__Work instructions__. Every line of the data below is to be given again as it appears, with the images removed.

__Exercise data__.
BEGIN
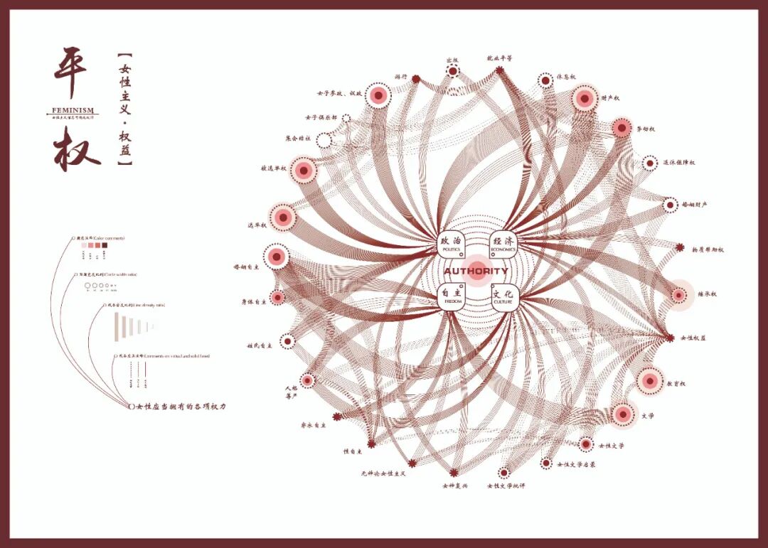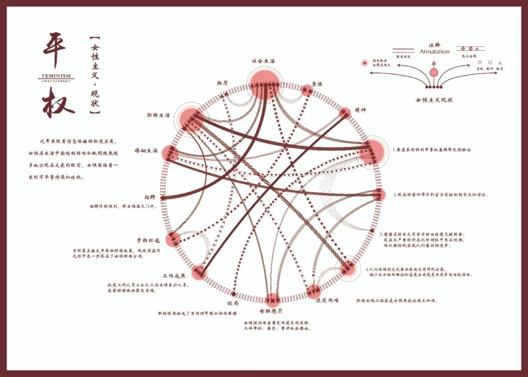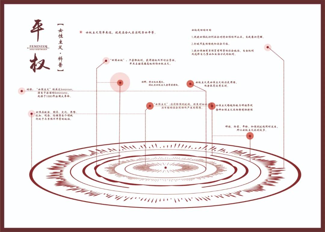 设计说明:随着女性社会地位的提高,“女权主义”这个词越来越多地出现在网络和现实生活中,不少人从性别视角批判时事,但是大部分人并不了解女权主义,以至于误解。该设计以信息可视化的形式对女权主义进行剖析,用时间线的方式,梳理出女权主义的生发和变化,并以花朵借物叙事来展现女权主义的相关内容。
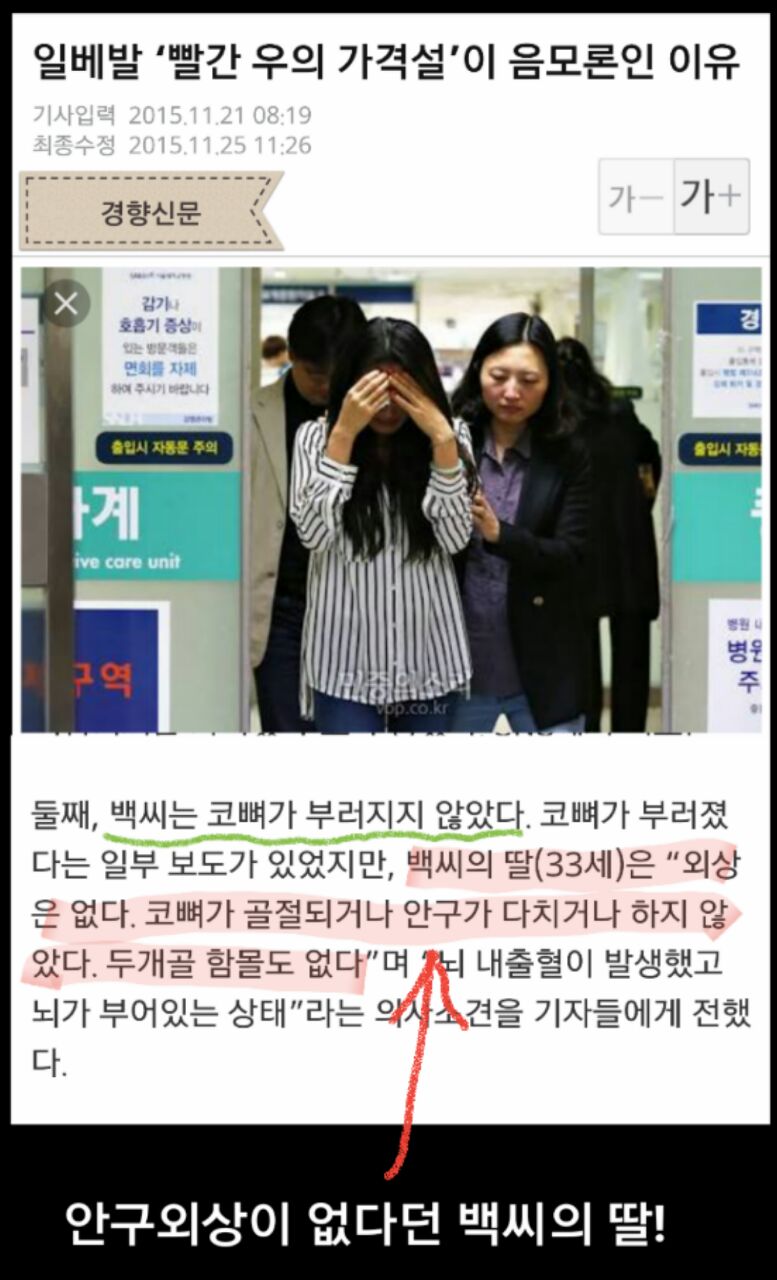 [http://www.nocutnews.co.kr/news/4504337 15일자 뉴스에도 골절을 이야기하고있고] [http://m.media.daum.net/m/media/society/newsview/20161009050103422 보험청구코드에도 (양방)열린 두개내 상처가 있는 외상성 경막하출혈(AS0651)]이 있으니. | [http://www.nocutnews.co.kr/news/4504337 15일자 뉴스에도 골절을 이야기하고있고] [http://m.media.daum.net/m/media/society/newsview/20161009050103422 보험청구코드에도 (양방)열린 두개내 상처가 있는 외상성 경막하출혈(AS0651)] 이 있으니. | ||
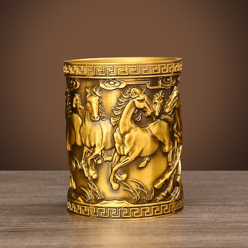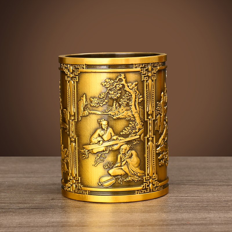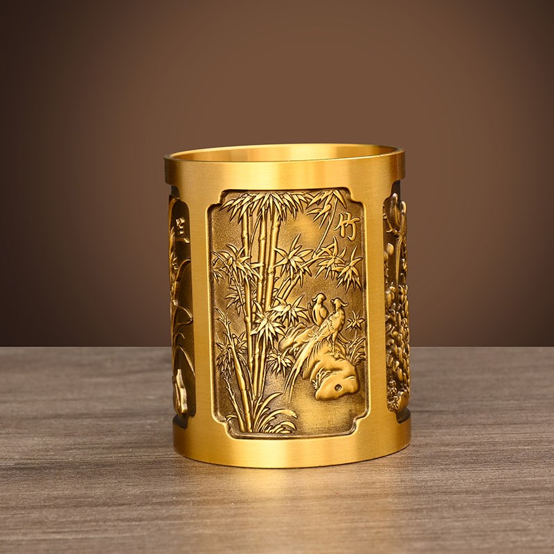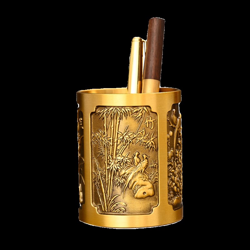 纯黄铜笔筒摆件实心铜笔筒中式办公桌书K桌面装饰品送老师同学礼
END
__Response area__.
 设计说明:随着女性社会地位的提高,“女权主义”这个词越来越多地出现在网络和现实生活中,不少人从性别视角批判时事,但是大部分人并不了解女权主义,以至于误解。该设计以信息可视化的形式对女权主义进行剖析,用时间线的方式,梳理出女权主义的生发和变化,并以花朵借物叙事来展现女权主义的相关内容。
 [http://www.nocutnews.co.kr/news/4504337 15일자 뉴스에도 골절을 이야기하고있고] [http://m.media.daum.net/m/media/society/newsview/20161009050103422 보험청구코드에도 (양방)열린 두개내 상처가 있는 외상성 경막하출혈(AS0651)]이 있으니. | [http://www.nocutnews.co.kr/news/4504337 15일자 뉴스에도 골절을 이야기하고있고] [http://m.media.daum.net/m/media/society/newsview/20161009050103422 보험청구코드에도 (양방)열린 두개내 상처가 있는 외상성 경막하출혈(AS0651)] 이 있으니. | ||
 纯黄铜笔筒摆件实心铜笔筒中式办公桌书K桌面装饰品送老师同学礼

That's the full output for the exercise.